- [About this task]:
Reproduce the data below in full and to the letter, images excepted.

[Task material Boundary: Start]

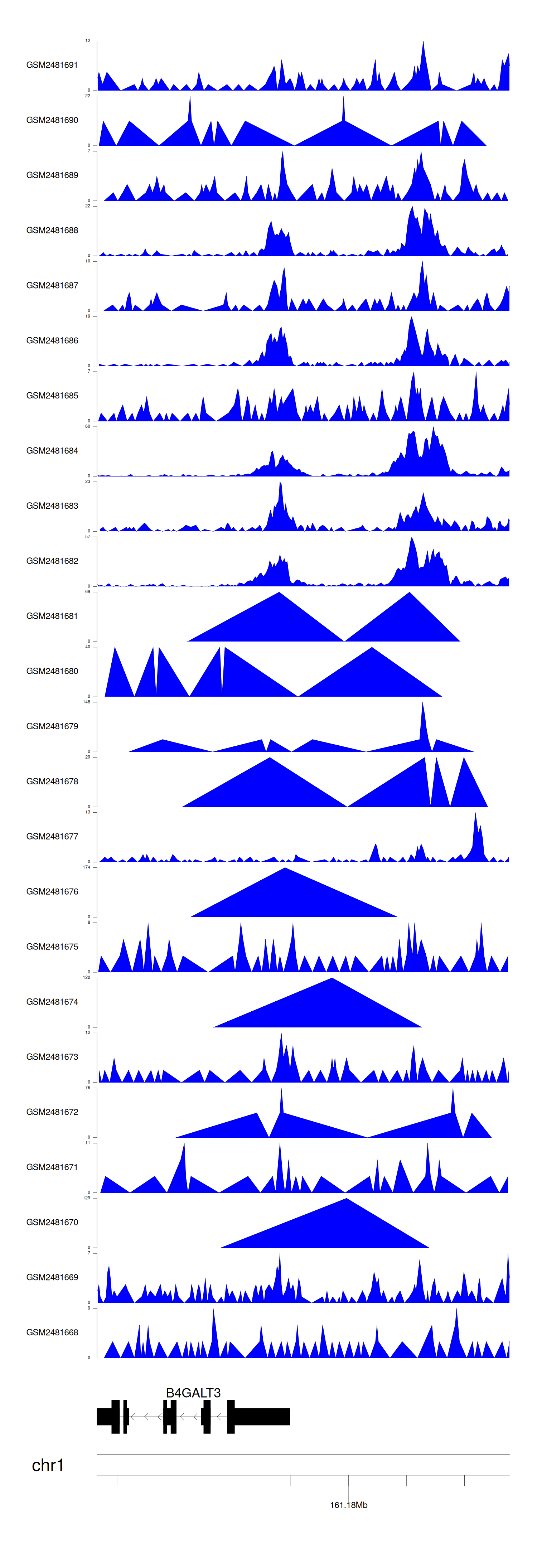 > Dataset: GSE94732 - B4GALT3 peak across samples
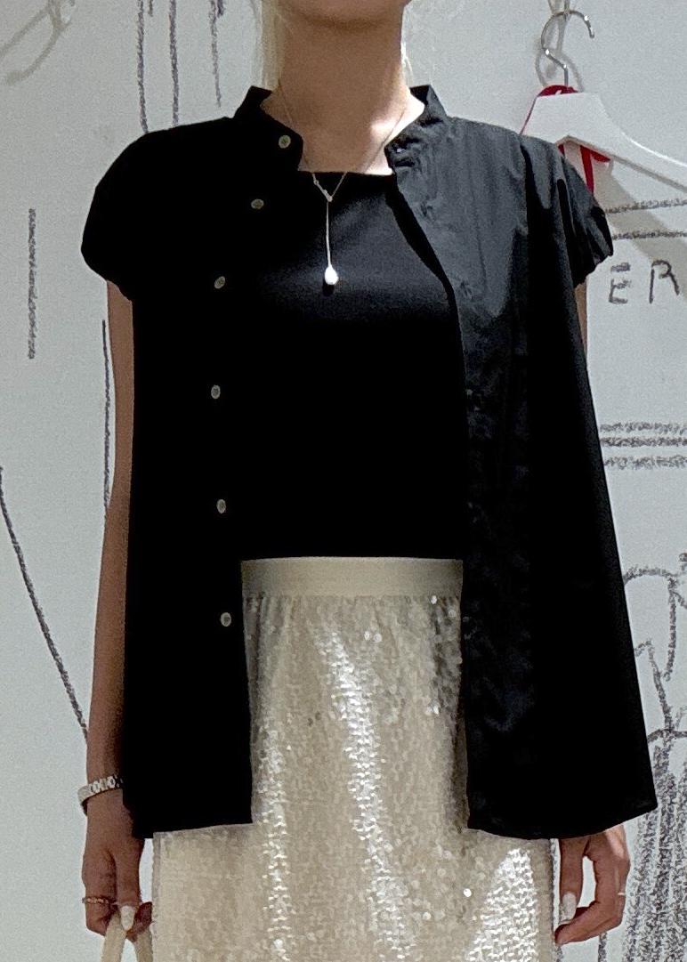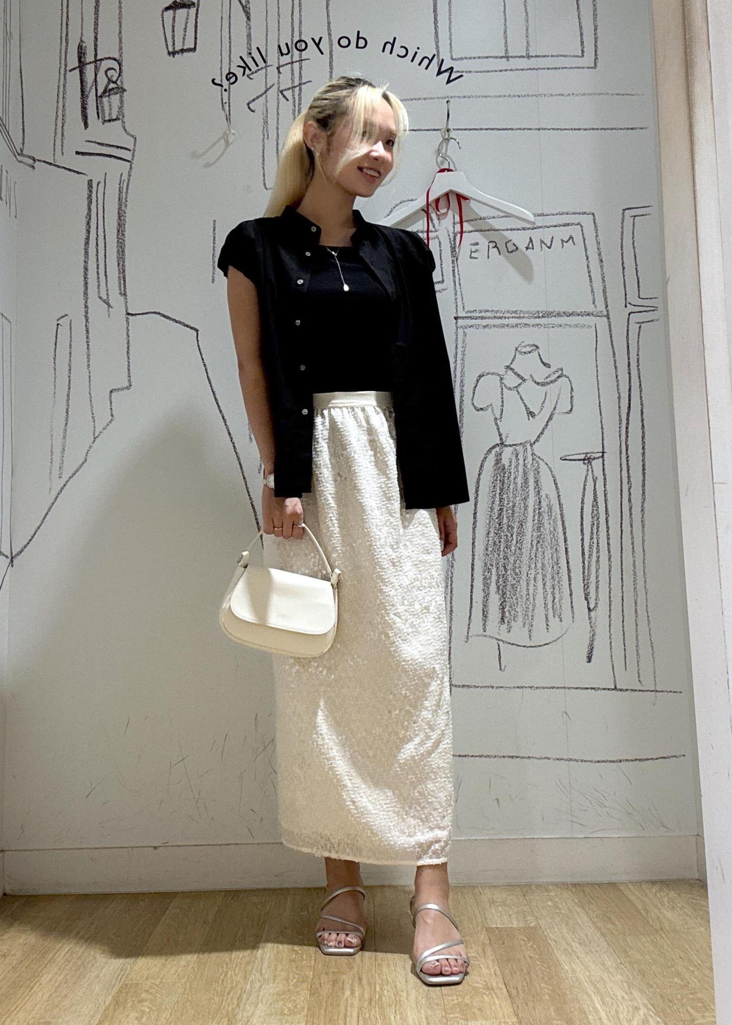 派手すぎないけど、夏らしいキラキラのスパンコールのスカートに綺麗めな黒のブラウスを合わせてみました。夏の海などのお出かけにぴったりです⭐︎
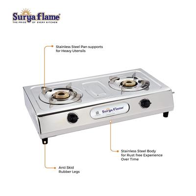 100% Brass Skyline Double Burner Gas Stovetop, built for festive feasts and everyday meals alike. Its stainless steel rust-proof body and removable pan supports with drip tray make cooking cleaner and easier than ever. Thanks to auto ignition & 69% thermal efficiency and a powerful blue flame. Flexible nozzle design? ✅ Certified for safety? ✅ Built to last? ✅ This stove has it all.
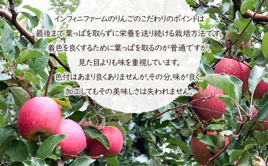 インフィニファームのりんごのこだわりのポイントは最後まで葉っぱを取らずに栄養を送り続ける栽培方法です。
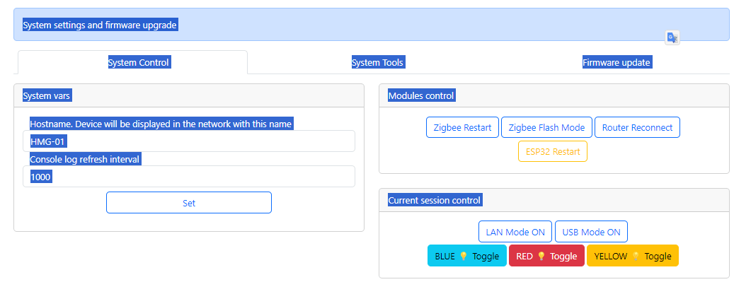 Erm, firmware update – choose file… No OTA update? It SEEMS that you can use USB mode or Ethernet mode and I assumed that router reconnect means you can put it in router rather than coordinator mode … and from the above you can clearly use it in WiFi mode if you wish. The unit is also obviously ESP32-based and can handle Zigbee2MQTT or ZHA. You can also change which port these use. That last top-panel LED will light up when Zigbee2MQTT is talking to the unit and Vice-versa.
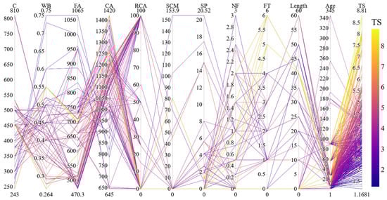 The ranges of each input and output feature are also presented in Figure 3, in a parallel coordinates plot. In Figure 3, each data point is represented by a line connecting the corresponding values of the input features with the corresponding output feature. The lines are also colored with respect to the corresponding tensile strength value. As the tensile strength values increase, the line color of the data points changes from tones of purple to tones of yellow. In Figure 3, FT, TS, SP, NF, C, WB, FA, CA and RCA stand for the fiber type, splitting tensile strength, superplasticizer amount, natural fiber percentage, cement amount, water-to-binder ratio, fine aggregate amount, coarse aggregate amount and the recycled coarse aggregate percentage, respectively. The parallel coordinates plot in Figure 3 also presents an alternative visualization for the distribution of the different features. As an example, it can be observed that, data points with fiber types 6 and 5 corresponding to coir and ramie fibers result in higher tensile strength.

[Task material Boundary: End]

- [Problem solution]:
 > Dataset: GSE94732 - B4GALT3 peak across samples
 派手すぎないけど、夏らしいキラキラのスパンコールのスカートに綺麗めな黒のブラウスを合わせてみました。夏の海などのお出かけにぴったりです⭐︎
 100% Brass Skyline Double Burner Gas Stovetop, built for festive feasts and everyday meals alike. Its stainless steel rust-proof body and removable pan supports with drip tray make cooking cleaner and easier than ever. Thanks to auto ignition & 69% thermal efficiency and a powerful blue flame. Flexible nozzle design? ✅ Certified for safety? ✅ Built to last? ✅ This stove has it all.
 インフィニファームのりんごのこだわりのポイントは最後まで葉っぱを取らずに栄養を送り続ける栽培方法です。
 Erm, firmware update – choose file… No OTA update? It SEEMS that you can use USB mode or Ethernet mode and I assumed that router reconnect means you can put it in router rather than coordinator mode … and from the above you can clearly use it in WiFi mode if you wish. The unit is also obviously ESP32-based and can handle Zigbee2MQTT or ZHA. You can also change which port these use. That last top-panel LED will light up when Zigbee2MQTT is talking to the unit and Vice-versa.
 The ranges of each input and output feature are also presented in Figure 3, in a parallel coordinates plot. In Figure 3, each data point is represented by a line connecting the corresponding values of the input features with the corresponding output feature. The lines are also colored with respect to the corresponding tensile strength value. As the tensile strength values increase, the line color of the data points changes from tones of purple to tones of yellow. In Figure 3, FT, TS, SP, NF, C, WB, FA, CA and RCA stand for the fiber type, splitting tensile strength, superplasticizer amount, natural fiber percentage, cement amount, water-to-binder ratio, fine aggregate amount, coarse aggregate amount and the recycled coarse aggregate percentage, respectively. The parallel coordinates plot in Figure 3 also presents an alternative visualization for the distribution of the different features. As an example, it can be observed that, data points with fiber types 6 and 5 corresponding to coir and ramie fibers result in higher tensile strength.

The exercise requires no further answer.